Data below:
· · · · · · ·

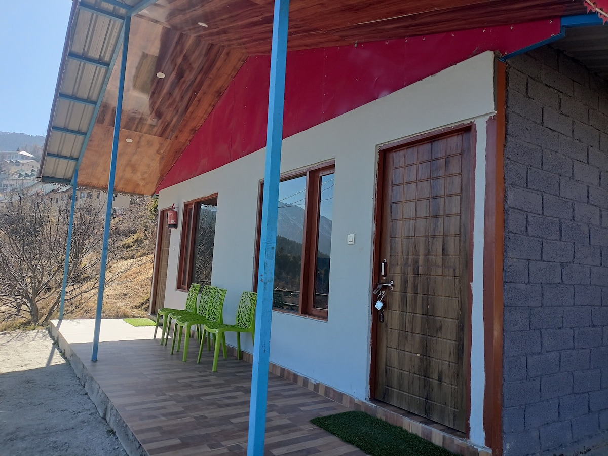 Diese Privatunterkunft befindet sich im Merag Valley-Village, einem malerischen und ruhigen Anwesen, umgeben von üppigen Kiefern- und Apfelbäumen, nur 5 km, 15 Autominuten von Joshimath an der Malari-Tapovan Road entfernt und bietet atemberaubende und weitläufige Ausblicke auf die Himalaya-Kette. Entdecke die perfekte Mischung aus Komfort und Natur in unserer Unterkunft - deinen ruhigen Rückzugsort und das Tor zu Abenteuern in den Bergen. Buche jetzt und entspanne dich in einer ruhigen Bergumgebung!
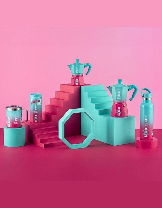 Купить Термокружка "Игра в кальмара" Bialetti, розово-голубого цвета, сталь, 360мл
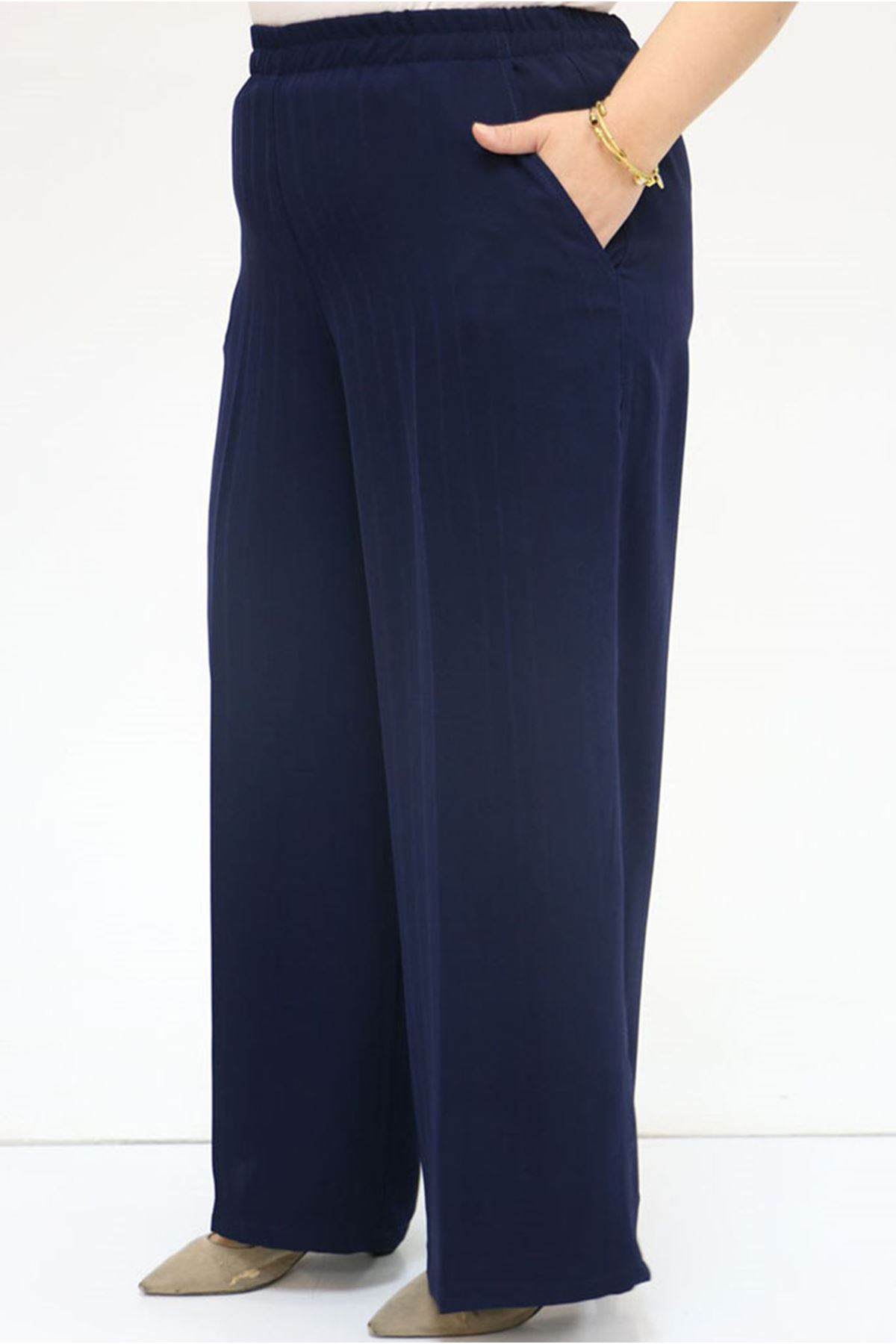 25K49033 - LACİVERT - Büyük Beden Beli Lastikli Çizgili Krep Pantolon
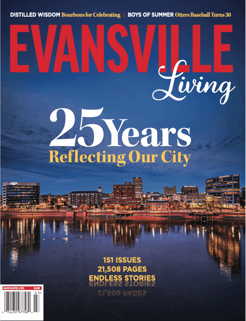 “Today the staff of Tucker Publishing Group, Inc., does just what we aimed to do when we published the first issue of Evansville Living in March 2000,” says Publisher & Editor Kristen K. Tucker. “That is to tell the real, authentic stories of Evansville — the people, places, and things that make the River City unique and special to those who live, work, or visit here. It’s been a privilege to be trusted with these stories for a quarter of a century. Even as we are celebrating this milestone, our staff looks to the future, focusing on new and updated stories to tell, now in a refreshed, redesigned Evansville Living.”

· · · · · · ·

What is expected: Leave out the pictures and repeat exactly the lines from the first line of the data through the line containing "25K49033 - LACİVERT". Add nothing else.

Written solution:
 Diese Privatunterkunft befindet sich im Merag Valley-Village, einem malerischen und ruhigen Anwesen, umgeben von üppigen Kiefern- und Apfelbäumen, nur 5 km, 15 Autominuten von Joshimath an der Malari-Tapovan Road entfernt und bietet atemberaubende und weitläufige Ausblicke auf die Himalaya-Kette. Entdecke die perfekte Mischung aus Komfort und Natur in unserer Unterkunft - deinen ruhigen Rückzugsort und das Tor zu Abenteuern in den Bergen. Buche jetzt und entspanne dich in einer ruhigen Bergumgebung!
 Купить Термокружка "Игра в кальмара" Bialetti, розово-голубого цвета, сталь, 360мл
 25K49033 - LACİVERT - Büyük Beden Beli Lastikli Çizgili Krep Pantolon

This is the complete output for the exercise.